→ **Records supplied**:
::::::
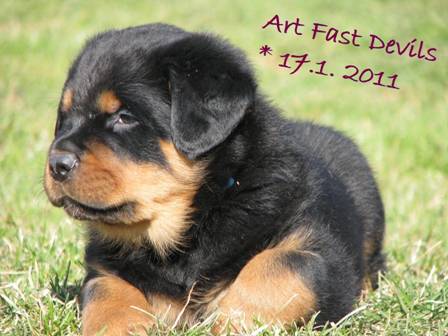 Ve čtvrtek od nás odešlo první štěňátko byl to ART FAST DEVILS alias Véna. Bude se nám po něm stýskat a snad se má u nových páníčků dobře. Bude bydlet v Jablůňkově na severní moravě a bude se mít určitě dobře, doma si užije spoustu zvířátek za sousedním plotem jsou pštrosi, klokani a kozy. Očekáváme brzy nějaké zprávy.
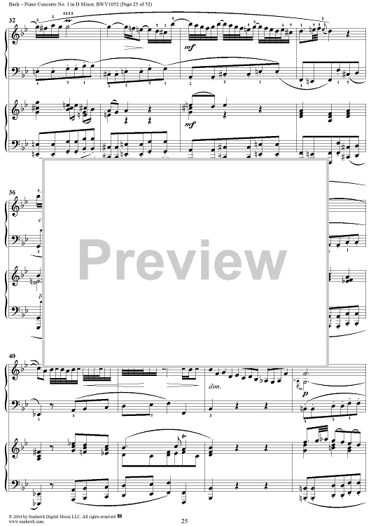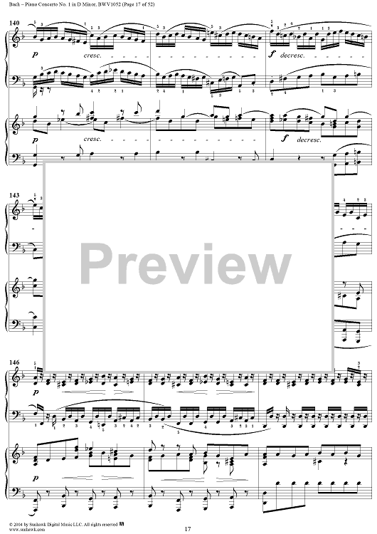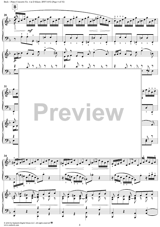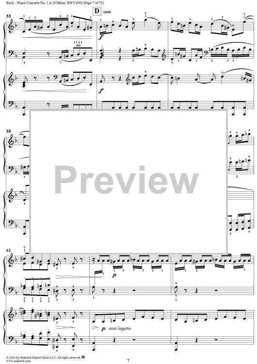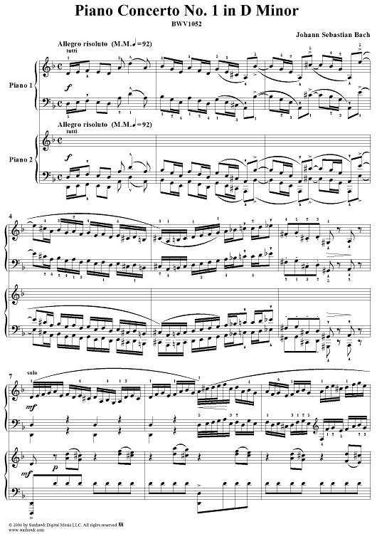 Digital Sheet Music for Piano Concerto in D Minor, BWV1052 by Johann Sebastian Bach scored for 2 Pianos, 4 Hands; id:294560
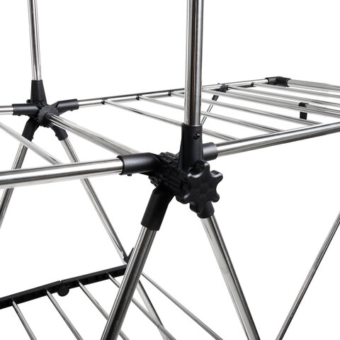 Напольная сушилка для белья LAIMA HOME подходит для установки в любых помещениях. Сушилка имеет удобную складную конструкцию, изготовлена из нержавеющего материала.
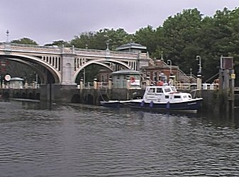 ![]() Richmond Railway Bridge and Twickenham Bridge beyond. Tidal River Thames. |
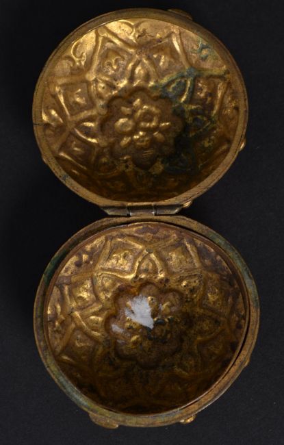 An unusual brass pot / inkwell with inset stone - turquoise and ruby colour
::::::
→ **Exercise instructions**:
Repeat only what runs from the first line of the records above to the line with "River Thames. |", both included, word for word, minus the pictures.

→ **Answer for this exercise**:
 Ve čtvrtek od nás odešlo první štěňátko byl to ART FAST DEVILS alias Véna. Bude se nám po něm stýskat a snad se má u nových páníčků dobře. Bude bydlet v Jablůňkově na severní moravě a bude se mít určitě dobře, doma si užije spoustu zvířátek za sousedním plotem jsou pštrosi, klokani a kozy. Očekáváme brzy nějaké zprávy.
 Digital Sheet Music for Piano Concerto in D Minor, BWV1052 by Johann Sebastian Bach scored for 2 Pianos, 4 Hands; id:294560
 Напольная сушилка для белья LAIMA HOME подходит для установки в любых помещениях. Сушилка имеет удобную складную конструкцию, изготовлена из нержавеющего материала.
 ![]() Richmond Railway Bridge and Twickenham Bridge beyond. Tidal River Thames. |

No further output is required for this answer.